1

We're running airflow in google composer, and we're running into difficulties with the the GoogleSheetsToGCSOperator. We're using composer 2, and therefore I understand that we have to make sure to use a connection with the correct scopes. So that's fine, I've set up a connection with those scopes, and we now no longer get permission errors. However, the dag still doesn't work, it now fails in a couple of different ways.

Most of the time, any dag that tries to upload a google sheet to GCS fails with error Negsignal.SIGKILL. For example:

--------------------------------------------------------------------------------
[2022-10-03, 15:50:55 UTC] {taskinstance.py:1251} INFO - Starting attempt 1 of 1
[2022-10-03, 15:50:55 UTC] {taskinstance.py:1252} INFO - 
--------------------------------------------------------------------------------
[2022-10-03, 15:50:55 UTC] {taskinstance.py:1271} INFO - Executing <Task(GoogleSheetsToGCSOperator): upload_sheet_to_gcs_airflow_permission_test_sheet> on 2022-10-03 15:50:38.412899+00:00
[2022-10-03, 15:50:55 UTC] {standard_task_runner.py:52} INFO - Started process 529848 to run task
[2022-10-03, 15:50:55 UTC] {standard_task_runner.py:79} INFO - Running: ['airflow', 'tasks', 'run', 'test_brunel_core_2', 'upload_sheet_to_gcs_airflow_permission_test_sheet', 'manual__2022-10-03T15:50:38.412899+00:00', '--job-id', '7342', '--raw', '--subdir', 'DAGS_FOLDER/DAGs/z_airflow_testing_dags/test_brunel_2_functions.py', '--cfg-path', '/tmp/tmpyuhkixqc', '--error-file', '/tmp/tmp7p2delaz']
[2022-10-03, 15:50:55 UTC] {standard_task_runner.py:80} INFO - Job 7342: Subtask upload_sheet_to_gcs_airflow_permission_test_sheet
/opt/python3.8/lib/python3.8/site-packages/airflow/utils/log/file_task_handler.py:110: ResourceWarning: unclosed file <_io.TextIOWrapper name='/home/airflow/gcs/logs/test_brunel_core_2/upload_sheet_to_gcs_airflow_permission_test_sheet/2022-10-03T15:50:38.412899+00:00/1.log' mode='a' encoding='utf-8'>
  self.handler = NonCachingFileHandler(local_loc, encoding='utf-8')
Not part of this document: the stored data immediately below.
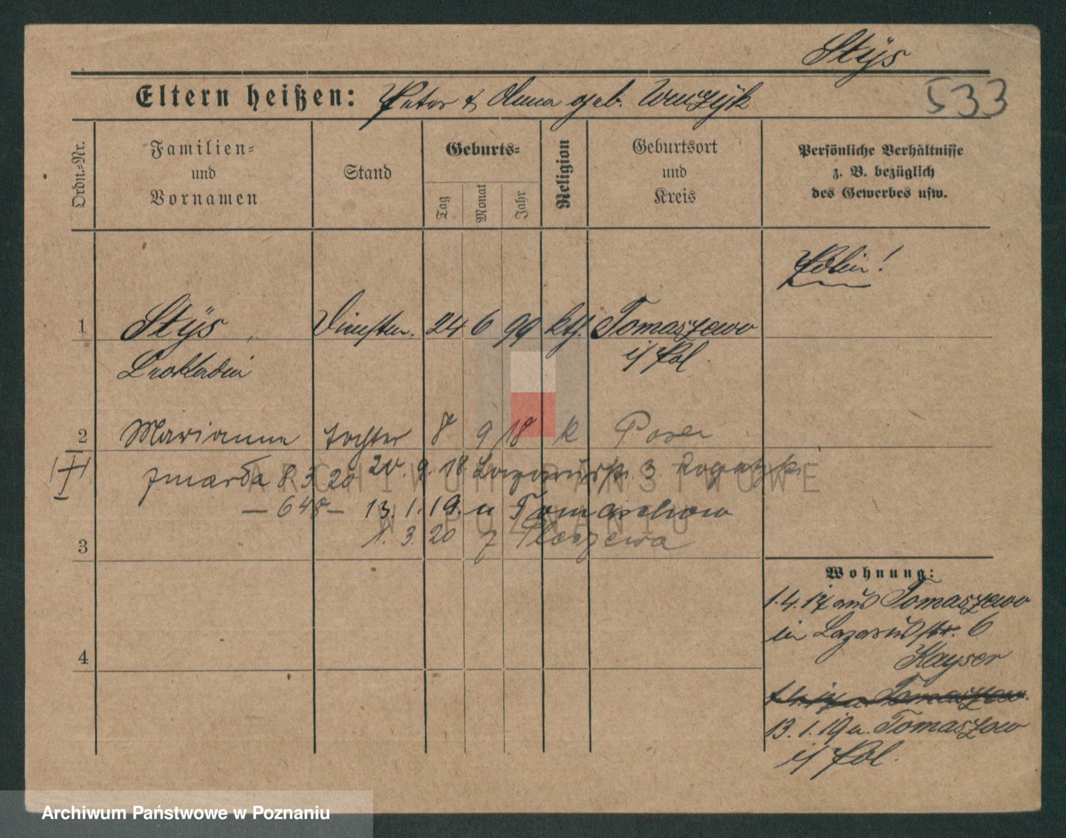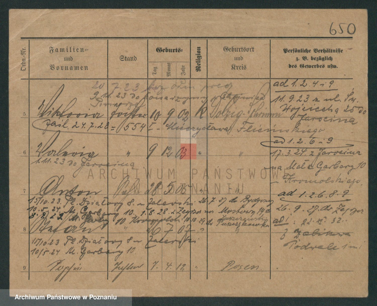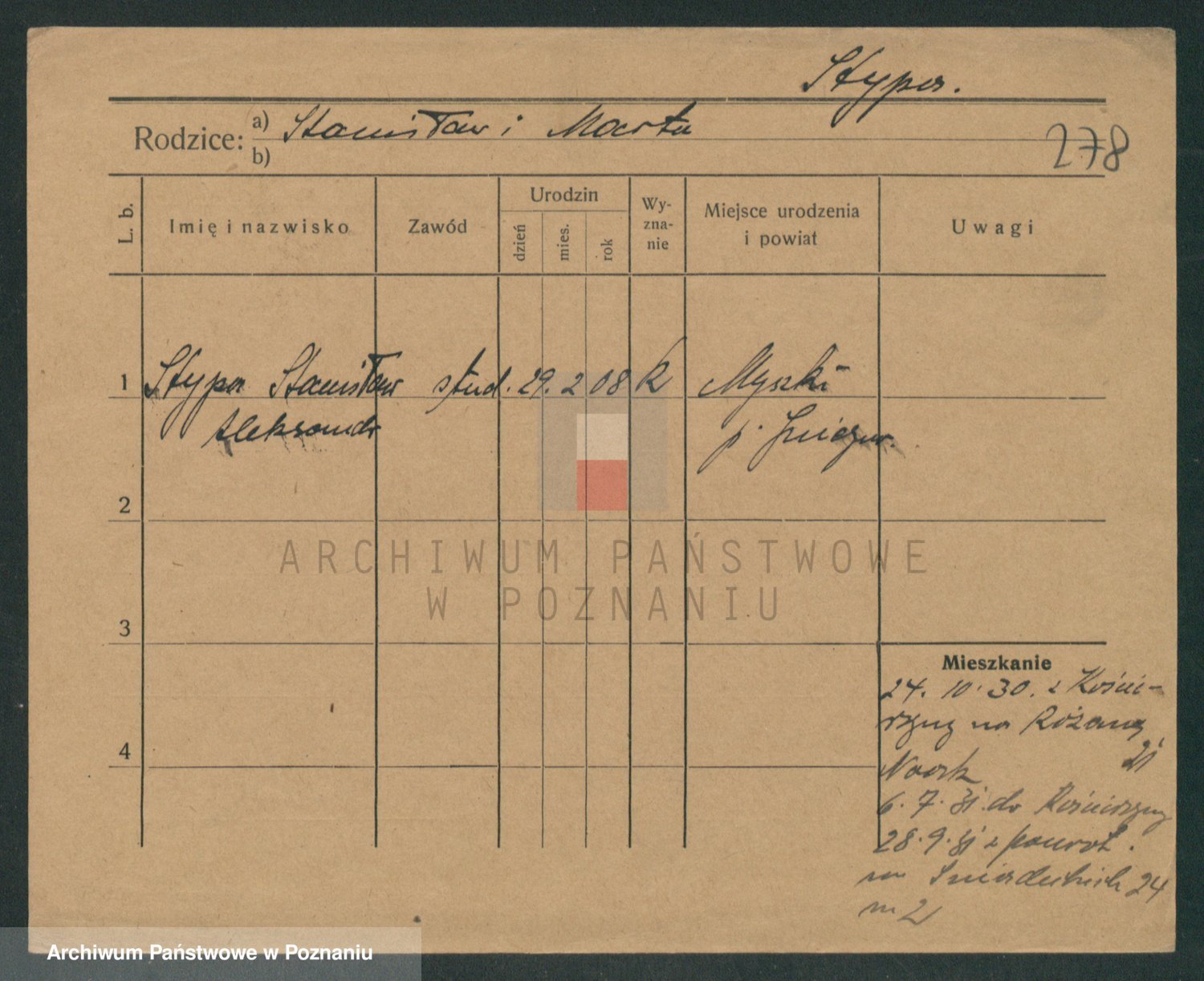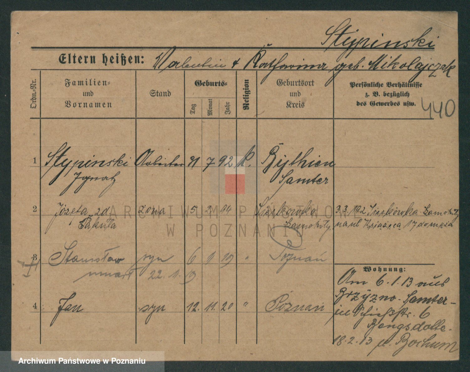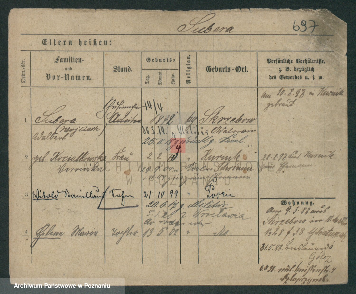 Podgląd karty osobowej dostępny jest po kliknięciu na nazwisko lub ikonkę karty. Można dokonywać powiększenia (ikony na górze) lub przechodzić między kolejnymi skanami (strzałki po bokach).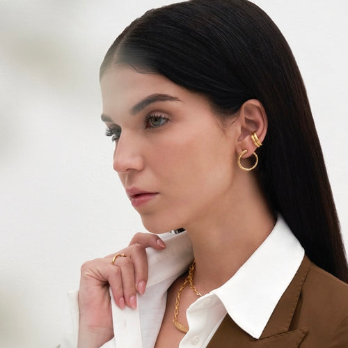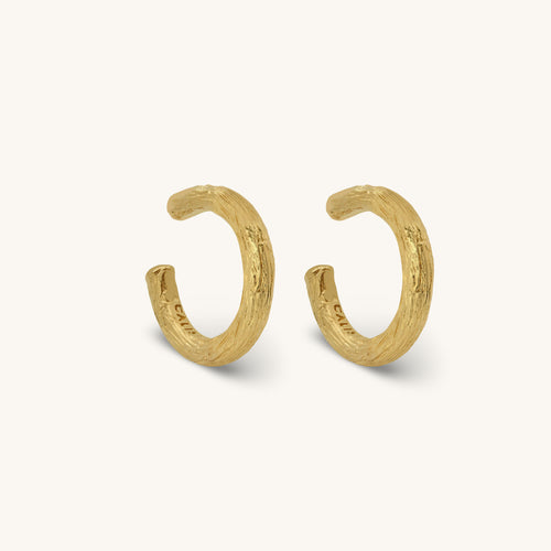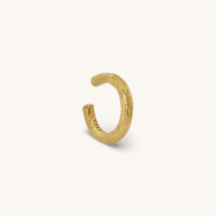 Earcuff con textura de rama de ceiba, elaborado artesanalmente en latón con chapa de oro de 22K.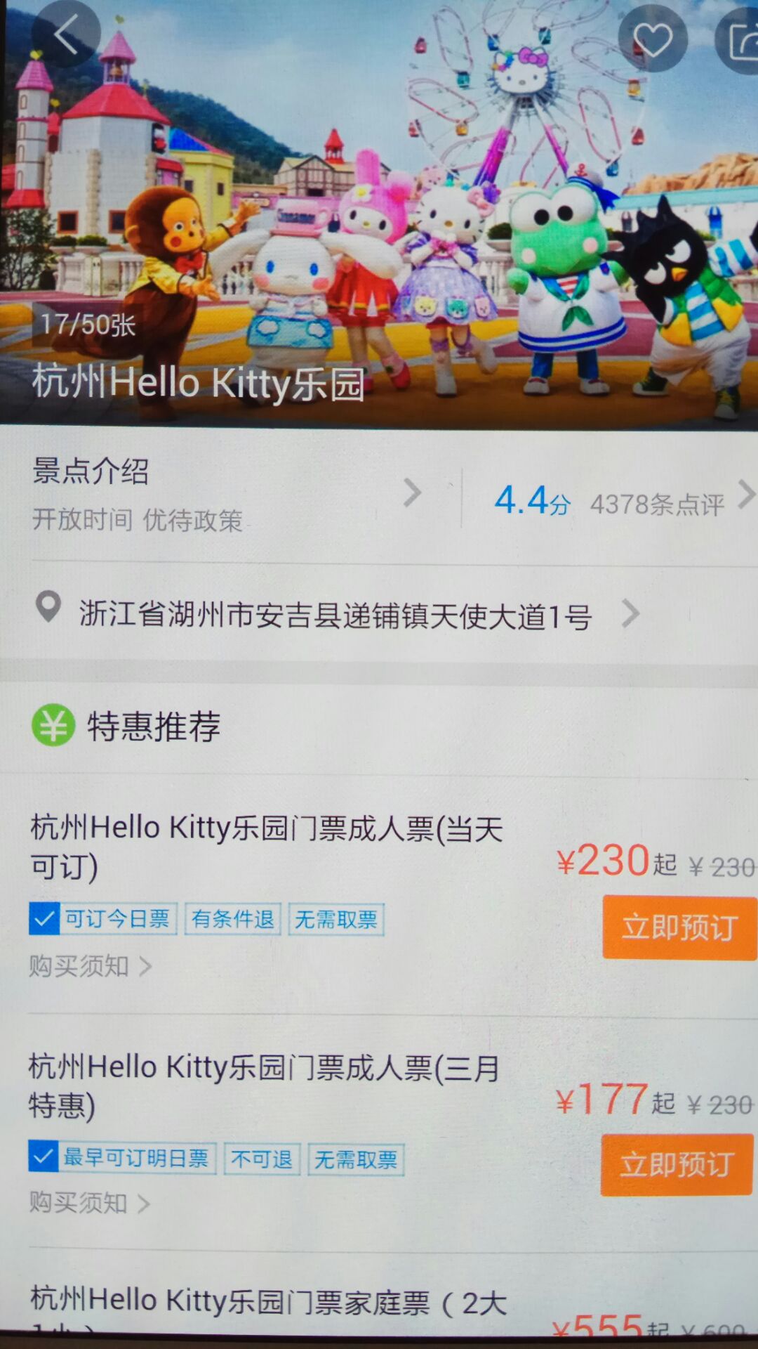 携程只有成人票和家庭亲子套票,成人票300元。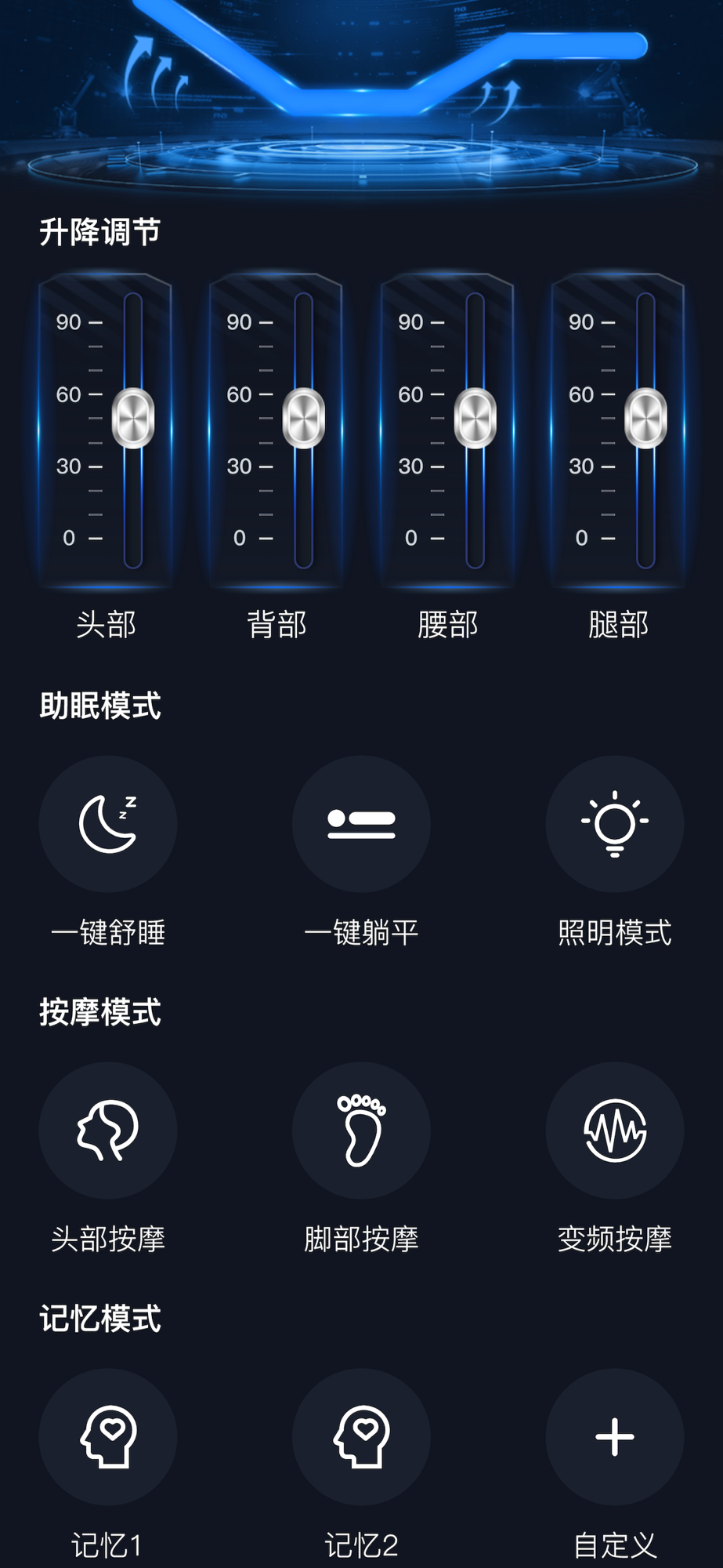 APP界面与遥控器基本相同,便于客户认知及直接使用。不同的按键对应不同操作方式,使用简单,轻松控制电动床的头部或腿部抬升或下降,即可单独控制不同部位升降,也可以实现联动操作。具备不同模式的附加功能,如照明开启关闭、按摩模式、阅读模式、观影模式等,均可在app上进行操作。可以帮助用户便捷的进行智能化操作,附带睡眠健康数据的监测、分析及展示等功能特点,可以查询数据信息。
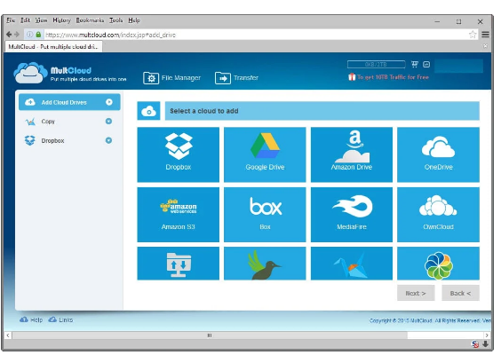 在撰寫本文時,MultCloud支持兩種以上的服務或選項:Dropbox,Google Drive,Amazon Drive,OneDrive,Amazon S3,Box,MediaFire,OwnCloud,FTP,SugarSync,Copy,Alresco,Flickr,MySQL,HubiC,WebDav, CloudMe,Cubby和myDrive。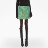 The Helmut Lang Mini Skirt in sequin mesh with a side zip closure. DETAILS - 100% Polyester - Side zip closure - Imported - N07HW302 CARE - Professional dry clean only FIT - Fits true to size - Aliet is 5’10” and is wearing size S
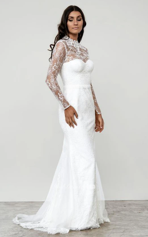 Modern High Neck Lace Mermaid Long Sleeve Floor-length Sweep Train Wedding Dress
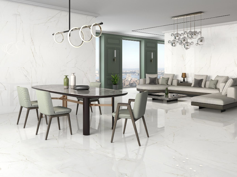 Porcelánico efecto mármol en tono blanco con vetas doradas en formato gran formato elegante. Su acabado soft ofrece una estética refinada y luminosa. Ideal para espacios contemporáneos que buscan sofisticación y amplitud. Porcelanato español PROCONCEPT, fabricado en España. Formato disponible: 60×120 cm.

[2022-10-03, 15:50:56 UTC] {task_command.py:298} INFO - Running <TaskInstance: test_brunel_core_2.upload_sheet_to_gcs_airflow_permission_test_sheet manual__2022-10-03T15:50:38.412899+00:00 [running]> on host airflow-worker-j28mn
[2022-10-03, 15:50:56 UTC] {taskinstance.py:1448} INFO - Exporting the following env vars:
AIRFLOW_CTX_DAG_OWNER=process_dev_joe_m
AIRFLOW_CTX_DAG_ID=test_brunel_core_2
AIRFLOW_CTX_TASK_ID=upload_sheet_to_gcs_airflow_permission_test_sheet
AIRFLOW_CTX_EXECUTION_DATE=2022-10-03T15:50:38.412899+00:00
AIRFLOW_CTX_DAG_RUN_ID=manual__2022-10-03T15:50:38.412899+00:00
[2022-10-03, 15:51:02 UTC] {local_task_job.py:154} INFO - Task exited with return code Negsignal.SIGKILL
[2022-10-03, 15:51:02 UTC] {taskinstance.py:1279} INFO - Marking task as FAILED. dag_id=test_brunel_core_2, task_id=upload_sheet_to_gcs_airflow_permission_test_sheet, execution_date=20221003T155038, start_date=20221003T155055, end_date=20221003T155102

The rest of the time, some random task in the dag fails (not neccesarily the step with the GoogleSheetsToGCSOperator). Sometimes it a step fails with absolutely no log being generated at all, or sometimes log is generated but it contains no errors. Instead, the only clue is a warning:

/opt/python3.8/lib/python3.8/site-packages/airflow/utils/log/file_task_handler.py:110: ResourceWarning: unclosed file <_io.TextIOWrapper name='/home/airflow/gcs/logs/test_flakiness/create_table_JM_test_table.create/2022-10-04T09:11:58.425115+00:00/1.log' mode='a' encoding='utf-8'>
  self.handler = NonCachingFileHandler(local_loc, encoding='utf-8')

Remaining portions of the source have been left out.